I’m sorry, but I don’t insist on anything.
Again, I am just following the “instructions” from Klipper documentation
As can be observed, the very first line says
These instructions assume the software will run on a Raspberry Pi computer in conjunction with OctoPrint
In fact, I tried to get away from OctoPrint by installing klipper, mainsail, fluidd, moonraker and pgcode, as mentioned in my first post.
I now totally reformatted the uSD card, removing the boot partition and all.
Copied only “klipper.bin” from the “home/[the name of my Pi]/klipper/out” folder onto the blank uSD card.
And renamed it so it’s different than the last name used for flashing (I increment a number behind klipper, right now I’m at klipper5).
The result of all this is still a dark lightly backlit screen!
It might be that klipper works, did ask here how I can check.
I used the recommended OctoPrint and it shows this:
A) is it typical that the screen of the Ender is dead?
B) how can I find out if the klipper FW for the Ender is working?
C) can I reinstall klipper, mainsail, fluidd, moonraker and pgcode via kiauh now or will it mess up all the stuff I installed thus far?
after installing the
GitHub - thelastWallE/OctoprintKlipperPlugin: A plugin for a better integration of Klipper
which you kindly recommended I can now see the firmware, which lead me to believe that the FW flash worked.
Considering this I dug deeper and now believe that the screen might not work due to having been flashed itself before diving into Klipper.
As mentioned, “I had already flashed it prior to all this with “MRISCOC Professional firmware” successfully”.
During that prior flash the sceen itself had to be flashed also.
Could it be that now the screen is not compatible with klipper (or whatever I installed here)?
klippy01.log (217.3 KB)
So how do I change the display to finally get this klipper thing going?
I did the display FW tour already, opening it, inserting uSD card etc.
Thanks!
Personally, I think a display is not needed because the webinterfaces are much more powerful. For example, Orca Slicer even has a direct integration for them. You can control the entire printing process from this slicer. Of course, your personal preferences may be different.
Your log looks good. Seems you are ready to fine tune and start printing. You may want to check:
Thanks for those, but the screen has to work since as mentioned above, I need to make sure that the printer still functions as it was before.
My friend is a total un-geek, he just plays discjokey with his uSD cards.
So he would need the screen to navigate his project once he inserts his uSD card into Ender’s slot.
I’m a bit at loss here, so after all the issues and back and forth of the installation you say that the Ender display won’t work with this Klipper software??
The options you kindly pointed out are
buying yet another part, a display,
or wire the existing display to the Pi (?),
or compile something designed for a (touchscreen) which the Ender 3 V2 does not have?
Just to make sure, the Ender 3 V2 I work on has a (non-touch) DWIN display, “the original display unit, it supports all firmware functions”.
Unfortunately yes.
There are countless printer types and hardware combinations out there. Klipper supports most combinations, but not all.
Especially displays are a bit of a weak spot and Klipper focuses on different UI solutions and less these little displays.
You can always easily revert to Marlin. Just flash the board with this MRISCOC firmware and disconnect the RPi.
TBH, Klipper is about printing fast and at high quality, and definitively not about looking fancy. Personally, I prefer fast and high quality over anything else. YMMV.
what a bummer, days of trying and now this.
It would be really great from the Klipper team to tell people all these issues they have.
I read all over that getting Klipper to work is a big hassle, many gave up.

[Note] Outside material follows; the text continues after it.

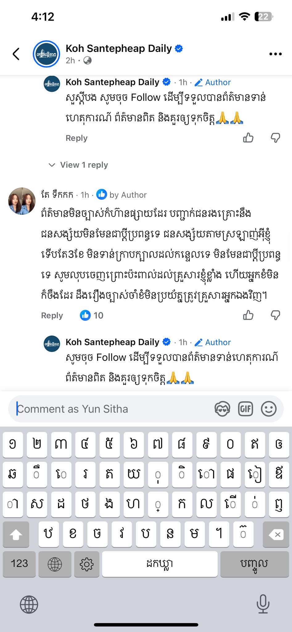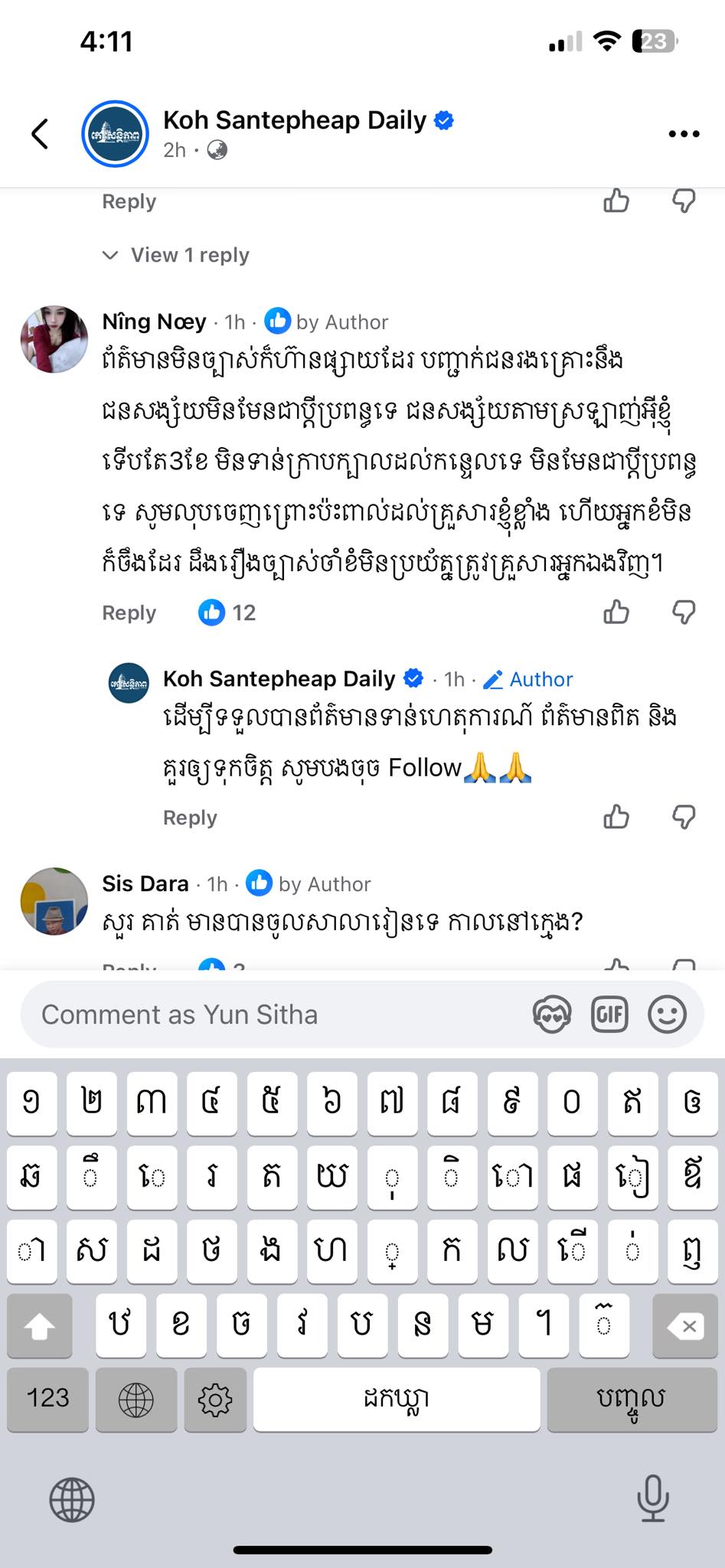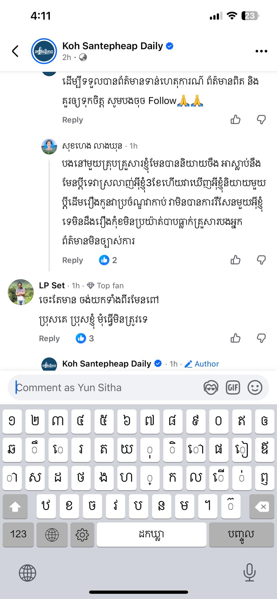ទី២, ហ្វេសប៊ុកឈ្មោះ សុខហេង លាងឃុន បានខមិនថា «បងនៅមួយក្រុមគ្រួសារខ្ញុំមែន បាននិយាយចឹង ? អាស្លាប់នឹងមែនប្តីទេ វាស្រលាញ់អ៊ីខ្ញុំ៣ខែហើយ វាឃើញអ៊ីខ្ញុំ និយាយមួយប្តីដើមរឿងកូន វាប្រចណ្ឌ វាកាប់ វាមិនបានការ រឺសែនមួយអ៊ីខ្ញុំ ទេមិនដឹងរឿងកុំខមិនប្រយ័ត្នបាបធ្លាក់គ្រួសារ បងអ្នកព័ត៌មានមិនច្បាស់ការ ។

It’s really sad to waste people’s time with such a software.
Initially I was really impressed with the abilities, but what’s the point if it totally wrecks havoc on your system.
If I had known about all these issues I would not have touched it.
Really frustrated after all this.
So much time and enery wasted…
Sorry to leave you frustrated.
You are right, a Klipper setup is a bit more involved than flashing a precompiled Marlin binary. Nevertheless, this is rewarded with many benefits over Marlin (which I used myself at least over 8 years), like:
Higher speed
Better quality
Changing settings without recompiling the firmware
Powerful webinterfaces
It is like switching from Notepad to a full-fledged word processor. It has a learning curve, but the reward is great once you mastered it.
Although I really understand your point, with Klipper being an open source project, all development and support is done by unpaid volunteers (in contrast to a company like Creality, who earns a good deal of money with selling the printers and releasing some half baked Marlin with GPL violations).
So it might be a bit out of scope to expect that you get delivered a solution that respects all your personal needs on a silver plate.